Using a heat gun set at a fairly low temperature (130°C) I warmed up two modules at a time (the other two modules are under the rear cover, as my laptop has four SODIMM slots total). Playing around with module order, I found three additional weak bits only detectable at elevated temperature, and they were spread around three of my RAM sticks.

I also found that the location of the errors stayed roughly consistent even as I swapped modules around: the top bits of the address remained the same. This is because the RAM is interleaved: data is spread over all four sticks, instead of each stick being assigned a contiguous quarter of the available address space. This is convenient, because I can just mask a region of RAM large enough to cover all possible addresses for each error bit, and not have to worry that I might swap sticks in the future and mess up the masking. I found that masking a contiguous 128KiB area should cover all possible permutations of addresses for each given bad bit, but, for good measure, I rounded up to 1MiB. This gave me three 1MiB aligned blocks to mask out (one of them covers two of the bad bits, for a total of four bad bits I wanted masked):

0x36a700000 – 0x36a7fffff
0x460e00000 – 0x460efffff
0x4ea000000 – 0x4ea0fffff

This can be specified using the address/mask syntax required by GRUB as follows, in /etc/default/grub:

GRUB_BADRAM="0x36a700000,0xfffffffffff00000,0x460e00000,0xfffffffffff00000,0x4ea000000,0xfffffffffff00000"

One quick grub-mkconfig later, I am down 3MiB of RAM and four dodgy bits with it. It’s not ECC RAM, but this should increase the effective reliability of my consumer-grade RAM, since now I know the rest of the memory is fine up to at least 100°C.

Needless to say, node_exporter still crashed, but we knew this wasn’t the real problem, didn’t we.

Digging deeper

The annoying thing about this kind of bug is that it clearly is caused by some kind of memory corruption that breaks code that runs later. This makes it very hard to debug, because we can’t predict what will be corrupted (it varies), and we can’t catch the bad code in the act of doing so.

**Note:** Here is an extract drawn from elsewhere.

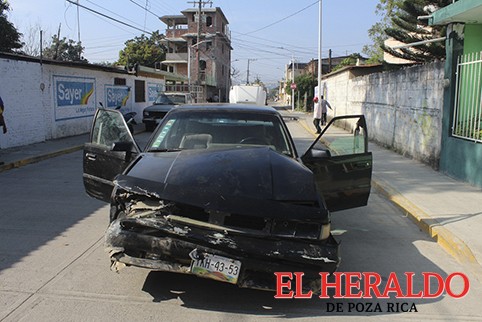 El siniestro se registró en la esquina de la prolongación Papantla y 15 de Septiembre, socorristas de URIT llegaron al lugar para auxiliar a la copilo del auto tipo Cutlass la cual se identificó como Amalia Calva Cruz de 44 años de edad y con domicilio calle Eduardo Quiroz, de la colonia Prensa Nacional.

First I tried some basic bisecting of available node_exporter releases and enabling/disabling different collectors, but that went nowhere. I also tried running an instance under strace. This seemed to stop the crashes, which strongly points to a race-condition kind of problem. strace will usually wind up serializing execution of apps to some extent, by intercepting all system calls run by all threads. I would later find that the strace instance crashed too, but it took much longer to do so. Since this seemed to be related to concurrency, I tried setting GOMAXPROCS=1, which tells Go to only use a single OS-level thread to run Go code. This also stopped the crashes, again pointing strongly to a concurrency issue.

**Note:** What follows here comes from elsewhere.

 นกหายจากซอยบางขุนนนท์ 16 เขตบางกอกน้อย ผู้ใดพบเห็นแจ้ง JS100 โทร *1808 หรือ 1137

By now I had gathered quite a considerable number of crash logs, and I was starting to notice some patterns. While there was a lot of variation in the parts that were crashing and how, ultimately the error messages could be categorized into different types and the same kind of error showed up more than once. So I started Googling these errors, and this is how I stumbled upon Go issue #20427. This was an issue in seemingly an unrelated part of Go, but one that had caused similar segfaults and random issues. The issue was closed with no diagnosis after it couldn’t be reproduced with Go 1.9. Nobody knew what the root cause was, just that it had stopped happening.

So I grabbed this sample code from the issue, which claimed to reproduce the problem, and ran it on my machine. Lo and behold, it crashed within seconds. Bingo. This is a lot better than waiting hours for node_exporter to crash.

That doesn’t get me any closer to debugging the issue from the Go side, but it gives me a much faster way to test for it. So let’s try another angle.

Bisecting machines

I know the problem happens on my laptop, but doesn’t happen on any other of my machines. I tried the reproducer on every other machine I have easy access to, and couldn’t get it to crash on any of them. This tells me there’s something special about my laptop. Since Go statically links binaries, the rest of userspace doesn’t matter. This leaves two relevant parts: the hardware, and the kernel.

I don’t have any easy way to test with various hardware other than the machines I own, but I can play with kernels. So let’s try that. First order of business: will it crash in a VM?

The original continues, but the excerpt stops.